Global Sum on Multiprocessor

Hi, All,

it seems that I still did not understand what does warp mean :(

I wrote a global sum: is summarize value v (equal to threadIdx.x) on all threads and save it in a s[bx], where bx=blockIdx.x.

#include <stdio.h>

#include <stdlib.h>

#include <cuda.h>

#include <cutil.h>

void __global__ gsum(int NTHREADS, int NBLOCKS, int *s)

 { int bx = blockIdx.x; // Block index

   int tx = threadIdx.x; // Thread index

   int i;

   float z;

   __shared__ float v[1000];

  v[tx]=tx+NTHREADS*NTHREADS*bx;

   __syncthreads();

   z=0;

   for(i=0; i<NTHREADS; i++)

     z+=v[i];

   __syncthreads();

   s[bx]=z;

   __syncthreads();

   return;

 }

int main(int nArg, char **ppArg)

 { int NTHREADS, NBLOCKS, *S, *d_S, i;

  sscanf(ppArg[1], "%d", &NTHREADS);

   sscanf(ppArg[2], "%d", &NBLOCKS);

  dim3 threads(NTHREADS, 1);

   dim3 grid(NBLOCKS, 1);

  CUT_DEVICE_INIT();

  S=(int*)malloc(sizeof(int)*NBLOCKS);

  CUDA_SAFE_CALL(cudaMalloc((void**) &d_S, sizeof(int)*NBLOCKS));

   gsum<<<grid,threads>>>(NTHREADS, NBLOCKS, d_S);

   CUDA_SAFE_CALL(cudaMemcpy(S, d_S, sizeof(int)*NBLOCKS, cudaMemcpyDeviceToHost));

   for(i=0; i<NBLOCKS; i++)

   { printf("%d ", S[i]);

     if(S[i]!=(NTHREADS*(NTHREADS-1))/2+NTHREADS*NTHREADS*NTHREADS*i)

       printf("Error (%d)",S[i]-(NTHREADS*(NTHREADS-1))/2-NTHREADS*NTHREADS*NTHREADS*i);

   }

   printf("\n");

   return 0;

 }

It works correctly for small number of threads (<=16) and some times fail for bigger one. It seems that I did not understand something. Is it right that __synchthreads() do it only on a subpool of threads running on one block, and this pool is exactly one warp?

Thank you

Sincerely

Ilghiz

__syncthreads() is applied to all the threads of a block, whether they belong to the same warp or not.

A warp is 32 threads that belong to the same threadblock. Threads 0, 31 form warp 0, threads 32, 63 form warp 2, etc.

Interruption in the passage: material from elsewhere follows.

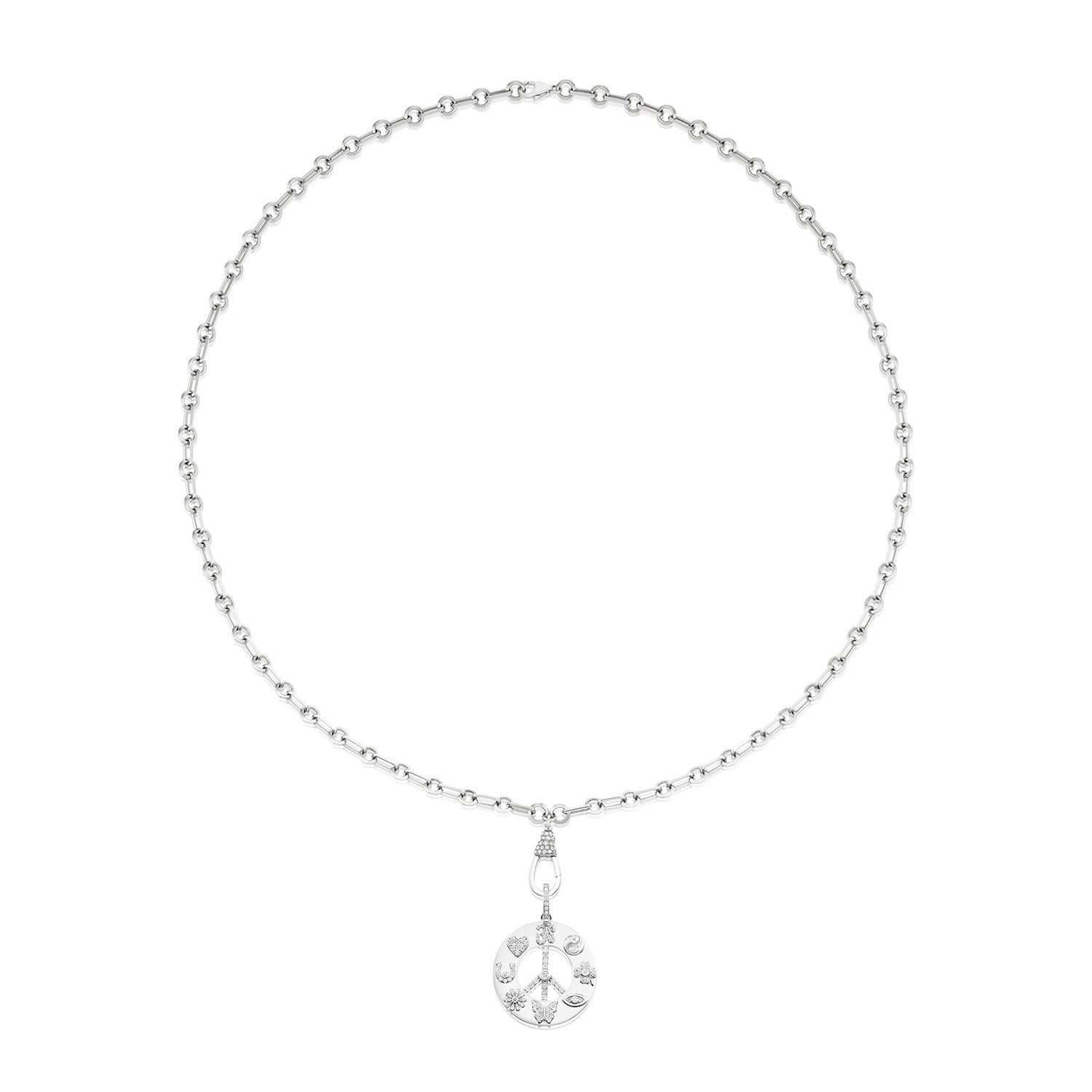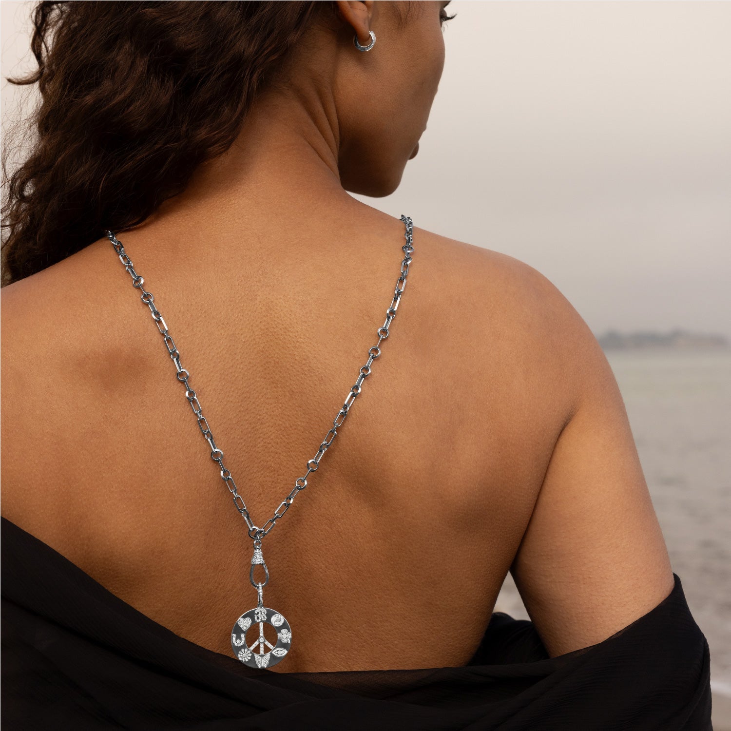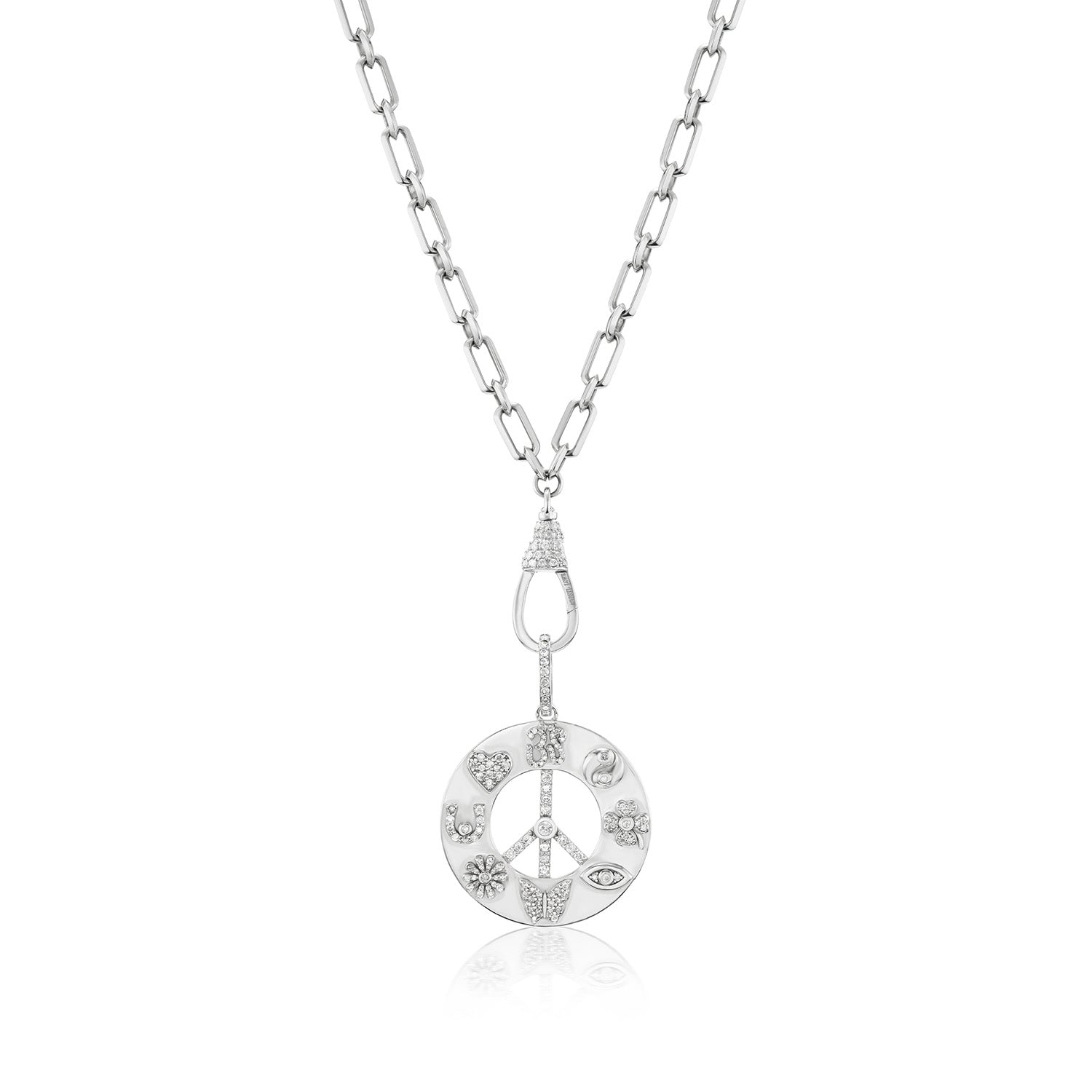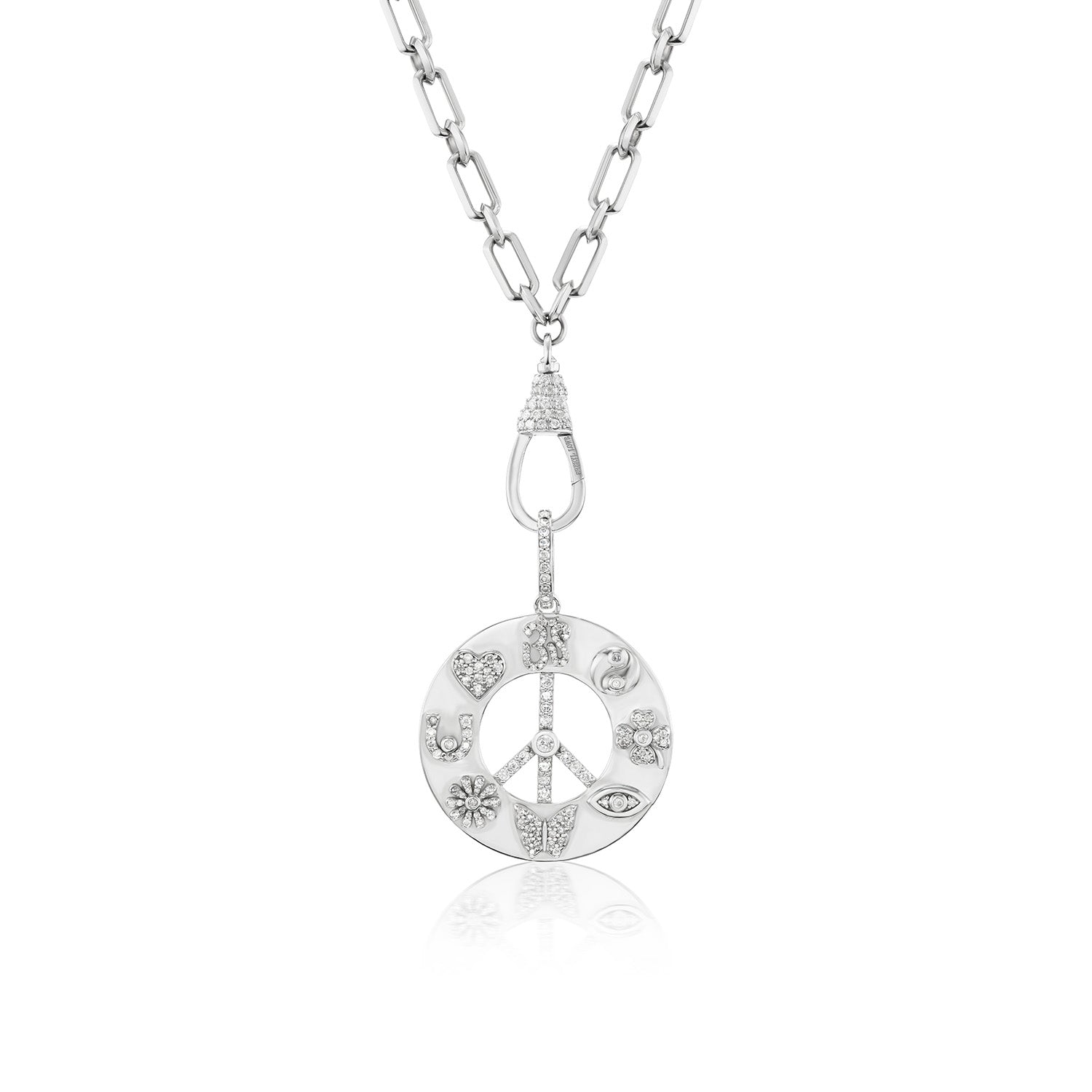 Inspired by all my female heroes who have led the way in manifesting love, serenity, independence, divine guidance, faith and luck I designed this medallion as a talisman that empowers women to manifest their destiny. Om, Yin Yang, four leaf clover, evil eye, butterfly, daisy, horseshoe, and heart come together to remind the wearer to manifest and embody all of these qualities.

Check the programming guide for how thread IDs and distribution among warps is done when using 2D or 3D threadblocks.

Paulius

Hi, Paulius,

thank you for your reply…

Yes, I considered this, however, if

  1. NTHREADS=32, NBLOCKS=640,

  2. NTHREADS=64, NBLOCKS=72,

  3. NTHREADS=128, NBLOCKS=10,

  4. NTHREADS=256, NBLOCKS=3,

  5. NTHREADS=512, NBLOCKS=2

I got incorrect computations, so, several blocks was not synchronized.

Yes, I so it in the manual, but it does not explain my problem.

Sincerely

PS: I fogot an includes in the source above, I will change it now that everybody can repeat this on your computer.

Ilghiz

Blocks are definately not guaranteed to be synchronized and your computations should not rely on their synchronization.

Paulius

Hi,

I’ve gone through your code and the problem is that you accumulate and store each thread’s sum into a float variable. If you change the types of v and z to float, you will get the exact results.

This is an issue with IEEE754-standard, not hardware or CUDA. There are many many integers that can be accurately stored in int format, but not in float. An excellent reference to the intricacies of the floating point format is a paper by David Goldberg “What every computer scientist should know about floating-point arithmetic.” google gives many links to pdfs.

Paulius

Hi, Paulious,

yes, and I do not expect any synchronization between blocks, only IN one block!

Sincerely

Ilghiz

Sorry for this thread, you are right! I thouth that I am doing the same type of summation and working only with doubles (not floats) last 20 years and just forget that float can index till 2^23…

Sincerely

Ilghiz